Run `graider <command> --help` for the full flag set. Global options apply
before any subcommand: `--gitlab-url` (`GITLAB_URL`), `--token` (`GITLAB_TOKEN`),
`--config`, `--class`, and `--dry-run`.

## AI backends

The AI commands (`review`, `interview`, `criteria init`, `calibrate`) run through
a shared model abstraction, selected with `--backend`:

| Backend | Provider | Credentials |
| --- | --- | --- |
| `api` | Anthropic API | `ANTHROPIC_API_KEY` |
| `claude-code` | Claude Code CLI (Pro/Max subscription) | `claude login` |
| `openai` | OpenAI / OpenAI-compatible | `OPENAI_API_KEY`, opt. `OPENAI_BASE_URL` |
| `glm` | GLM / Zhipu (BigModel) | `GLM_API_KEY` / `ZHIPUAI_API_KEY` |
| `gemini` | Google Gemini | `GEMINI_API_KEY` / `GOOGLE_API_KEY` |
| `auto` *(default)* | Claude Code if the `claude` binary is on `PATH` and no `ANTHROPIC_API_KEY` is set, otherwise the Anthropic API. |

`openai`, `glm`, and `gemini` are text-only (no PDF syllabi) and require the
`graider[openai]` or `graider[google]` extra.
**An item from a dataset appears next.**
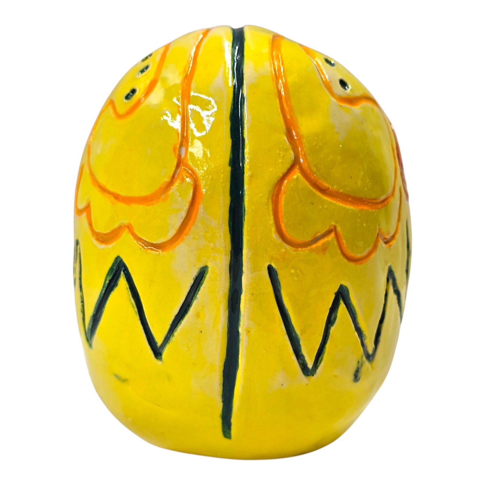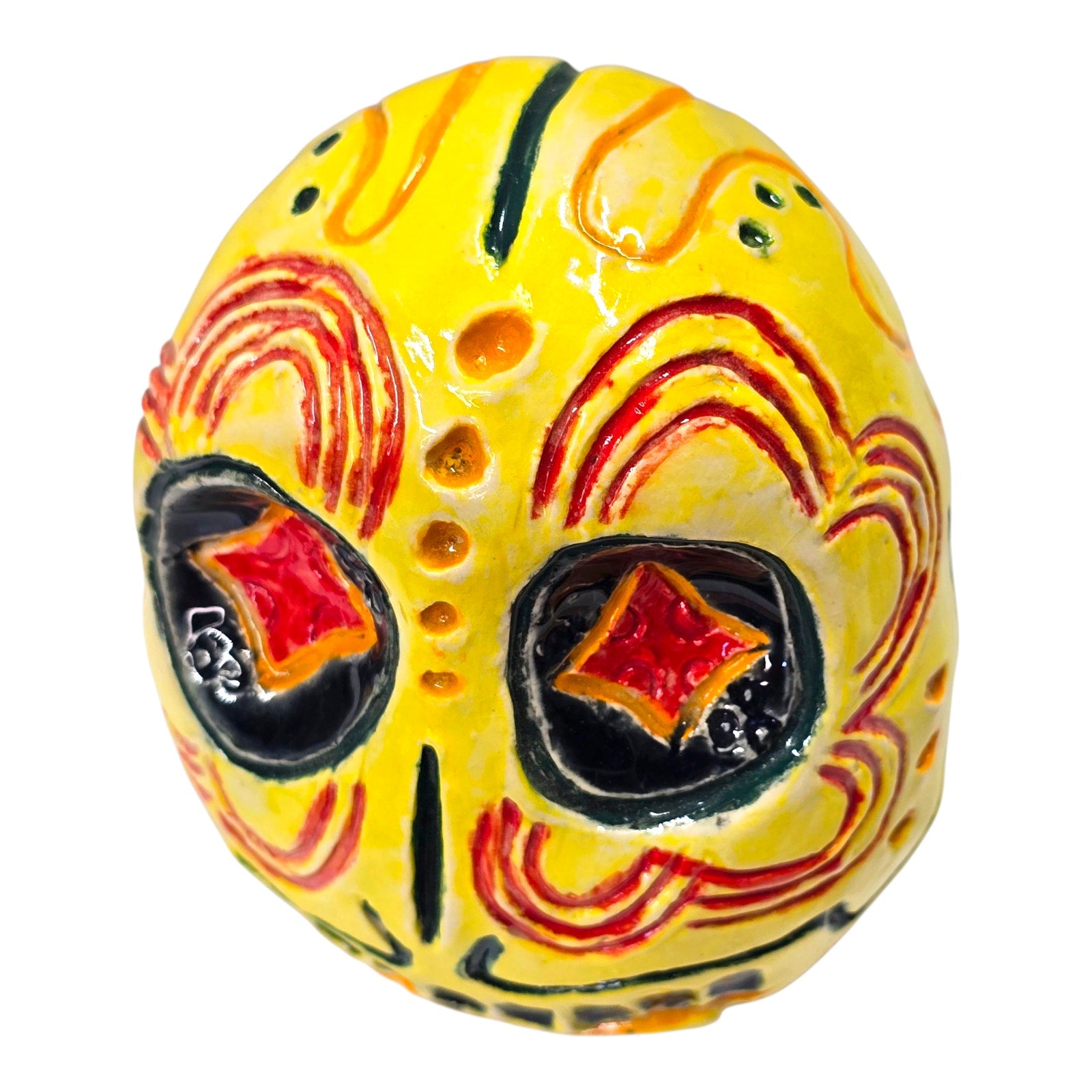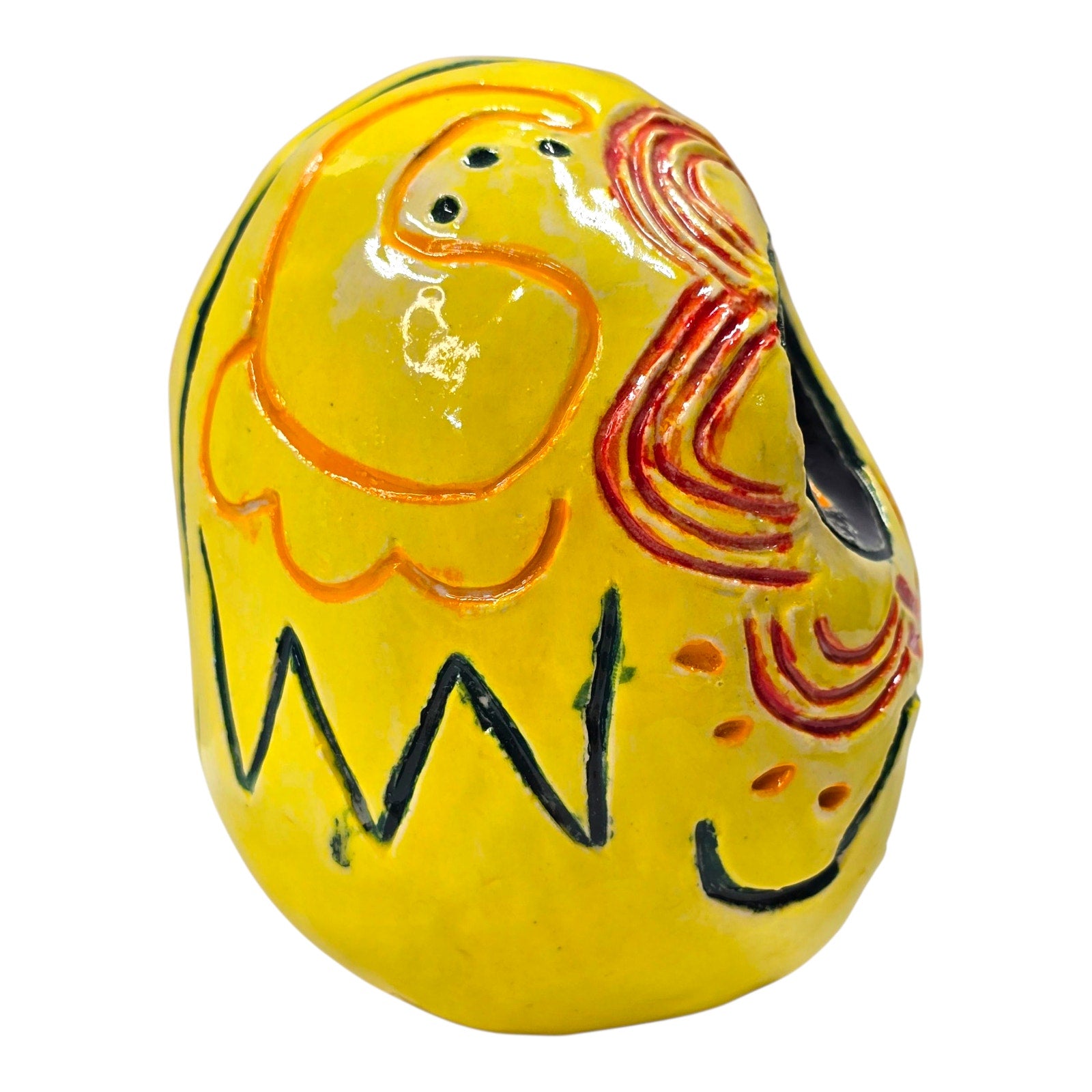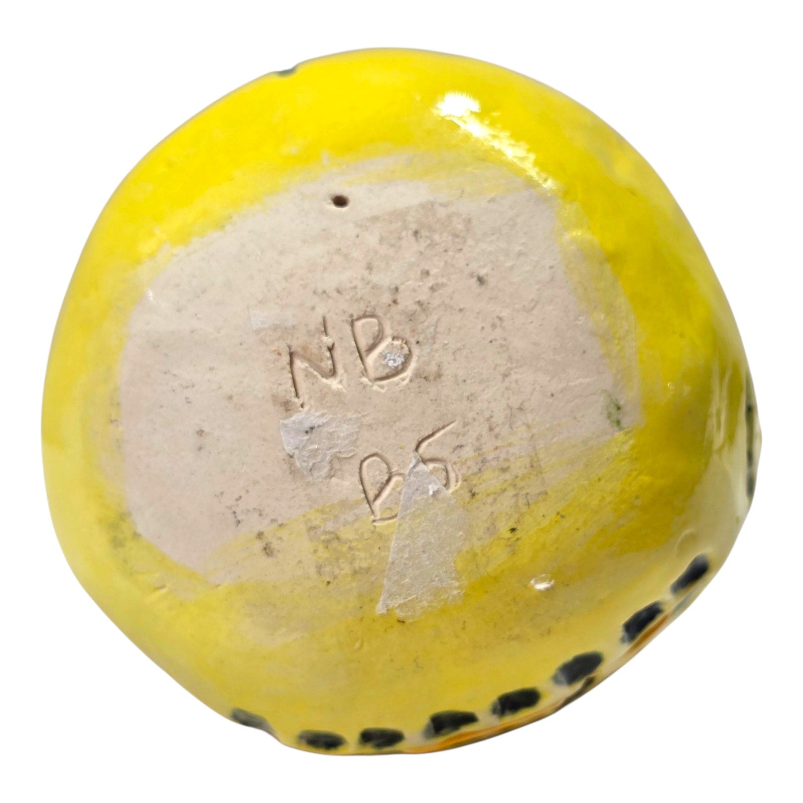 Bright yellow hand-painted ceramic skull with traditional floral/scroll details. Signed underside “NB P5.”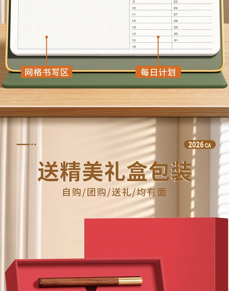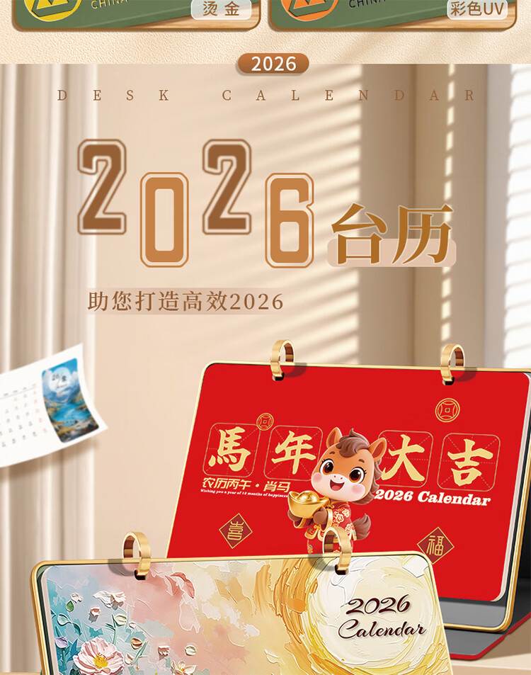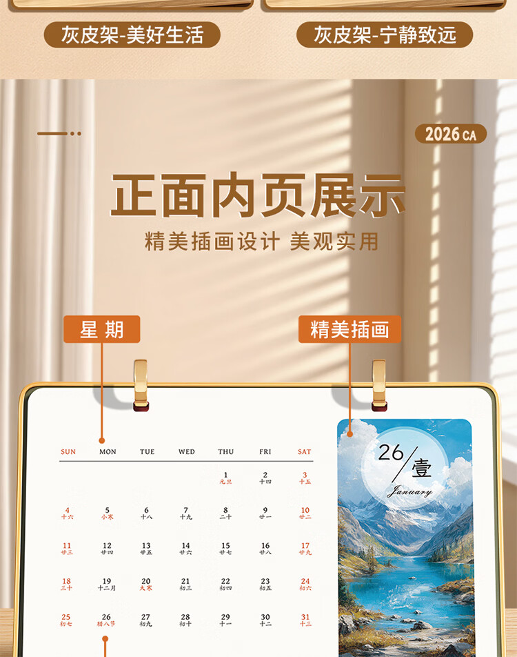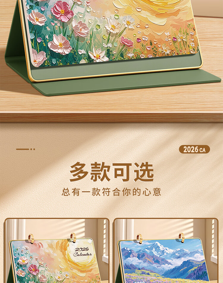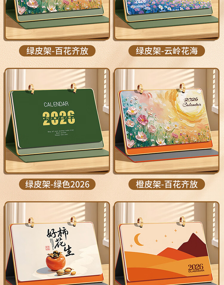 筏芯日历2026年新款办公室高档马年台历金边三角架翻页工作记事本月历定制日历公司企业 星月橘岭(橙底)礼盒装 送笔JZ089

The default model is
`claude-opus-4-8`; override per run with `--model`.

## Starter templates

`python` · `java` · `cpp` · `go` · `rust` · `typescript`. Each ships a working
project plus a rendered `.graider.yml`, `.gitlab-ci.yml`, `qlty.toml`, and a
reflection prompt. Templates are stored as `.tmpl` / `dot_` files and rendered
with placeholder substitution (`{{project_name}}`, `{{course}}`, …).

## Configuration

Settings are resolved in precedence order:

1. **CLI flags** (`--gitlab-url`, `--token`, `--class`, `--dry-run`, …)
2. **Environment variables** (`GITLAB_URL`, `GITLAB_TOKEN`, provider API keys)
3. **Local `graider.toml`** in the working directory (supports `[class.<name>]` sections)
4. **Global `~/.config/graider/config.toml`**

Rosters are read from `.csv`, `.xlsx`, and `.xlsm` files with fuzzy header
matching (email / group / name), per-row validation, and duplicate detection.

## Documentation

Full guides live in [`docs/`](docs/) and are published to GitHub Pages:

- **[Teachers Manual](docs/teachers.md)** — setup → criteria → provisioning → grading → review → reporting.
- **[Students Manual](docs/students.md)** — local grading, self-review, and Agent Skill setup.
- **[Current Implementation](docs/current_implementation.md)** — technical reference for commands, config, and integrations.
- **[Learning Science](docs/learning_science.md)** & **[Topic Guides](docs/topic_guides.md)** — the pedagogy behind the rubric.

## Development

Managed with [uv](https://docs.astral.sh/uv/), linted/formatted with
[ruff](https://docs.astral.sh/ruff/), and type-checked with
[ty](https://docs.astral.sh/ty/).

```sh
uv sync                     # install dependencies (incl. dev tools)
uv run graider              # run the CLI
uv run pytest               # run tests
uv run ruff check .         # lint
uv run ruff format .        # format
uv run ty check             # type check
uv run mkdocs serve         # preview the docs site locally
```

## CI/CD

GitHub Actions runs on pushes to `main`, pull requests, and version tags:

- **CI** (`ci.yml`) — ruff lint, ruff format check, `ty`, and pytest.
- **Docs** (`docs.yml`) — builds the MkDocs site and deploys it to GitHub Pages.
- **Publish** (`publish.yml`) — on `vX.Y.Z` tags, builds and publishes to PyPI
  via Trusted Publishing (OIDC, no stored token).

> Note: the `.gitlab-ci.yml` shipped inside the starter templates is separate —
> it runs in each **student's** provisioned GitLab repository, not for this tool.